Scrutiny and the Dirty T-Shirt

Today was my annual review. Like everything else concerning social services, this involved a positive orgy of meetings, form filling, checks and double checks before today's appearance in front of a panel of no less than eight people.

I wasn't nervous about it. I tend to assume that anything seriously wrong might have come up before now. Can't really see them flagging up some serious cause for concern and then just leaving it until the annual review!

So, forms and reports were all submitted and, apart from starting nearly 30 minutes late, everything was going swimmingly until suddenly one of the panel members mentioned that a contact supervisor had reported that I once took LB to contact in a dirty t-shirt.

Really? Considering the day-in day-out nature of the job, the level of care I need to deliver, the many meetings I have to attend and forms I have to fill in, the number of professionals I work with weekly and the fact that I've successfully moved a child onto an adoptive placement in the past year, was this review really going to be a conversation about whether I might have sent a 3-month-old to contact in a less-than-pristine t-shirt over four months ago?!

I needn't have worried. The panel member explained that she wanted to know how I had felt about this at the time, and how I had dealt with it with the person concerned. Unfortunately, I had absolutely no recollection of anything being said at the time (not that it wasn't said - just that I move on pretty quickly to the next thing in my head, forgetting stuff that's dealt with or inconsequential!), so actually the panel member found herself apologising to me for bringing it up and making me 'deal with it' in front of the whole panel!

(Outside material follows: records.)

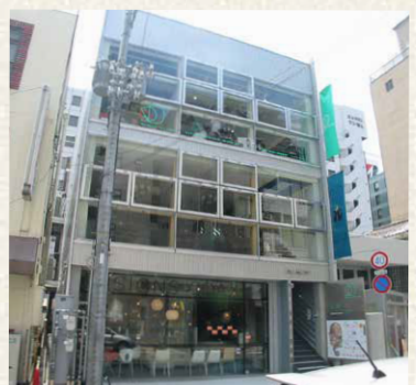
アルミナム/神戸市中央区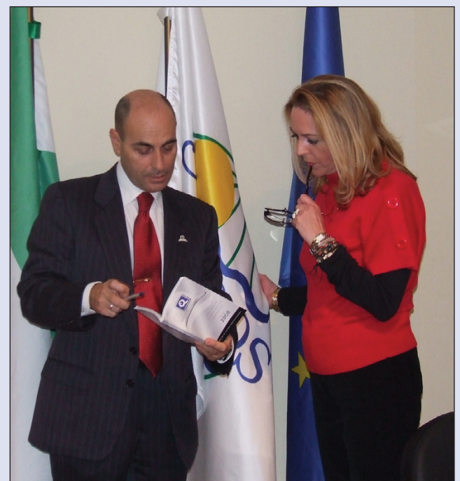
Miembros de la Delegación ICTE de Málaga

La Comunidad Autónoma de Andalucía cuenta con 318 establecimientos certificados con la Marca "Q" de Calidad Turística, siendo 150 Agencias de Viaje; 75 Hoteles y 39 Playas los sectores más representados.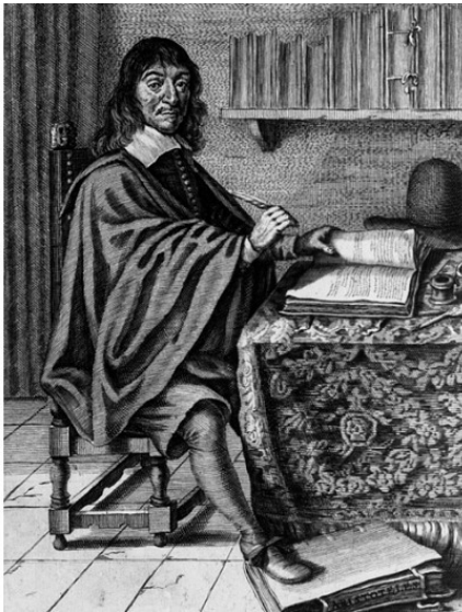
Рене Декарт (1596 – 1650)

В этой работе Декарт предложил гипотетический механизм, объясняющий реакцию организма на внешнее воздействие. Согласно модели Декарта, внешний раздражитель действует на периферические окончания нерва, вызывая смещение центрального (находящегося в нервной системе) конца нерва. В результате такого смещения происходит изменение конфигурации межнервных промежутков, по которым на периферию устремляется поток жизненной энергии. Именно эта модель Декарта в современном естествознании принимается за начальную точку развития рефлектор-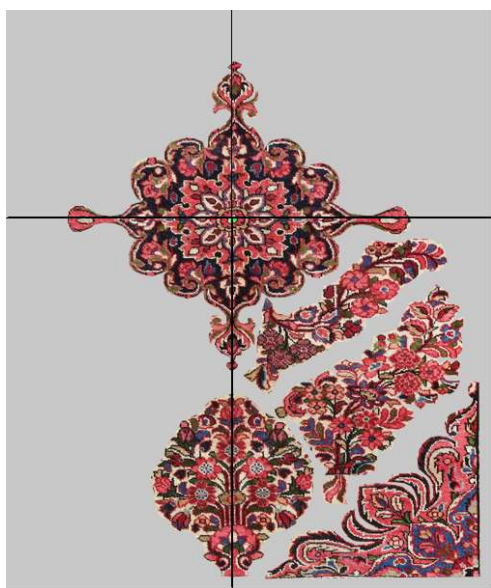
تصویر ۶. آنالیز و تفکیک فضای متن قالی شماره ۹.

مردم درگزین برای بافت قالیچه‌های خود از پشم گوسفندان

So, in the end, it wasn't really an issue. In fact the panel member said that she was going to speak to the contact service to suggest that this kind of thing shouldn't be dealt with via reports to annual reviews. Indeed! And thankfully the rest of the reports were all very positive and each member of the panel had some very lovely things to say about my work, so I did leave encouraged and cheerful.

But the whole conversation served to remind me how much intense scrutiny I am under practically every day. For my review, reports were received from every social worker I have had contact with over the past year (three of mine, and seven of the children's), every contact supervisor for each child (at least four, maybe more) and the lead Health Visitor for each child (thankfully only one as my HV seeks out my name on new referrals and gets herself assigned to me!).

A minimum of 15 people writing reports about me that I will never see, to be scrutinised by a panel of people that has the annual task of deciding whether I will be allowed to continue as a foster carer. And one of them thinks it's necessary to mention that at one contact out of many, a child's t-shirt was not up to her preferred hygiene standards, despite the fact that there would have been a clean set of clothes in the change bag and it's not, you know, out of the realms of possibility that a 3-month-old might, say, have puked up in the car on the way (I can't imagine what other sort of 'dirt' might be on a baby's t-shirt!). I wonder what she thought the outcome of making that comment would be?

And who do I get to write a report on? Social workers and contact supervisors can be (and are) routinely late to, or absent from arranged appointments, they can fail to communicate vital information, they can disappear on holiday for weeks on end without letting me know, and even leave altogether without saying anything. They can be disrespectful, lazy and disorganised. They can forget and lose important information, and turn up at my house without vital paperwork necessitating time-consuming repeat visits. They can inform me of LAC reviews and other important meetings with less than one-hour's notice. They can change contact times and locations with virtually no notice, or be so late in arranging contacts that I have to move heaven and earth to get us there. They can send me no work for so long that I'm wondering how we'll feed ourselves, and then send children with virtually no history and fail to give me the most basic and necessary information about them. I could go on.

I don't get to write reports or contribute much of anything really. My only recourse is to make an official complaint about a named individual. It would be like clearing a beach by removing grains of sand one by one. Exhausting and ineffective.